I further agree with Mr. Flynn for the plaintiff that Mr. Smith's opening remarks at the inception of the trial that no purpose would be served in proceeding with the trial on the merits as the plaintiffs particulars of claim were fatally defective in that same did not disclose a cause of action was not in accordance with the rules. Mr. Smith urged the court of dismiss the matter even before hearing the merits. The court found in favour of the plaintiff and the matter proceeded to the merits.


It was only when the plaintiff sought to introduce viva voce evidence in violation of annexure "A" that an objection by Mr. Smith was made; and the court ruled in favour of the defendant. Thereafter Mr. Flynn did not persist in leading the evidence relating to annexure "A" which in terms of the courts ruling would be contrary to clause 11 and 14 of annexure "A". I have been referred to GOVERNMENT BS VIANINC FERRO CONCRETE PIPES (PTY) LTD 1941 AD 43 @ 47 and a number of other authoritative South African cases. I am convinced that the ruling I made disallowing the admissibility of the intended evidence by plaintiff was in my considered view correct I turned down an application by Mr. Flynn to amend plaintiff's particulars of claim at an advanced stage of the trial. This application for an amendment sought to introduce an element of a fraudulent misrepresentation which was not there in the original particulars of claim. In my view this amendment if allowed would introduce a new cause of action to the prejudice of the defendant. The plaintiff could not take its case any further. It rested its case.
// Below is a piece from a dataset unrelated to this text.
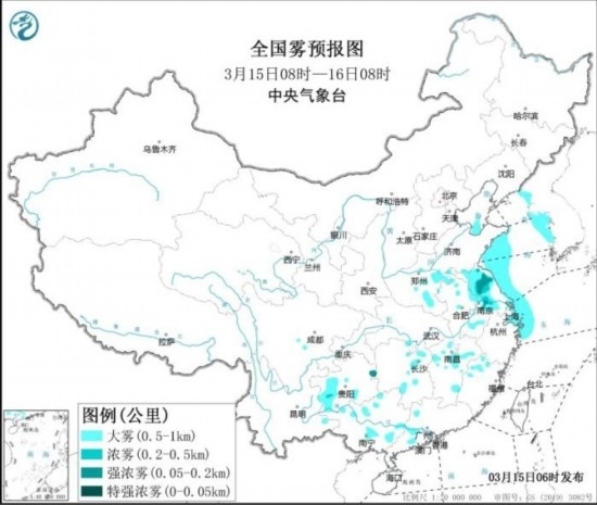 全國霧預(yù)報(bào)圖(3月15日08時(shí)-16日08時(shí))。圖片來源:中央氣象臺(tái)網(wǎng)站

The problem which then arose was whether in all the circumstances of the case a proper verdict would be one of absolution from the instance with costs in favour of the defendant or a dismissal of the case for the plaintiff with costs.


Although counsel for the litigants agreed to file further heads of argument within 14 days to deal specifically with an appropriate order as to costs as indeed an appropriate finding by this court. This, Mr. Smith on behalf of the defendant has done. I have however not received any submissions from plaintiffs counsel. Considering the manner in which Mr. Smith sought to apply for an amendment to include a special plea instead of an exception I am inclined to avoid any speculation on what plaintiff would have done had a proper procedure been followed by Mr. Smith on behalf of defendant.
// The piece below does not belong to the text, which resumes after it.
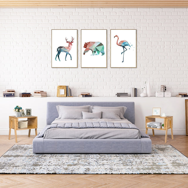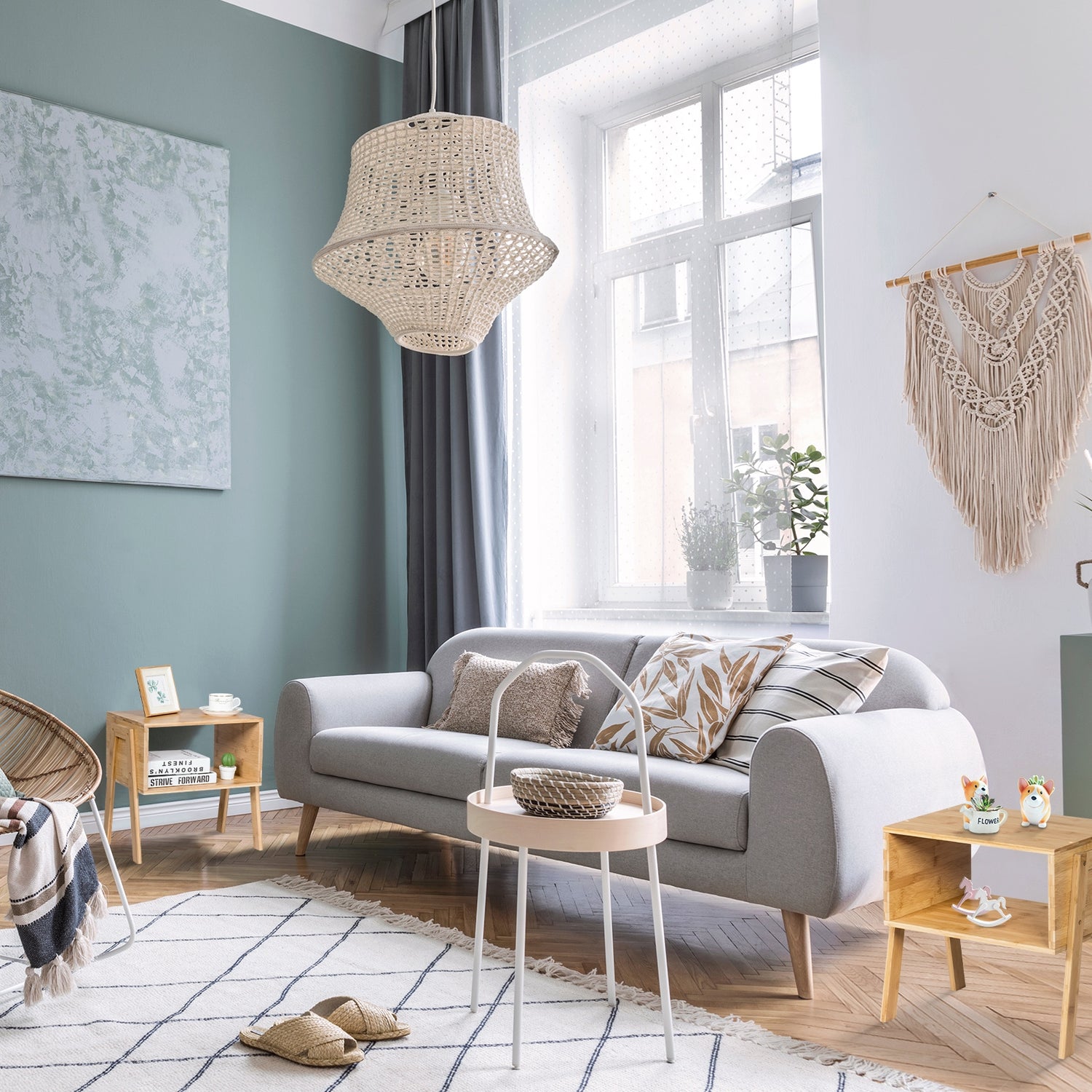2 Pieces Bamboo Nightstand Sofa Table with Storage Shelf

If an absolution from the instance is granted. I am of the view that both litigants are at large to again reinstate the matter in any form they each deem fit.


Considering all the circumstances of this case, I find that a proper order is one of absolution from the instance. I do not find this case to be one where punitive costs should be ordered; there being a very strong possibility that this is not the end of the matter. However, considering the dilatoriness on the party of the plaintiff's instructing attorneys I am of the view that the costs be those of an ordinary scale but these costs to include those of counsel for the defendant.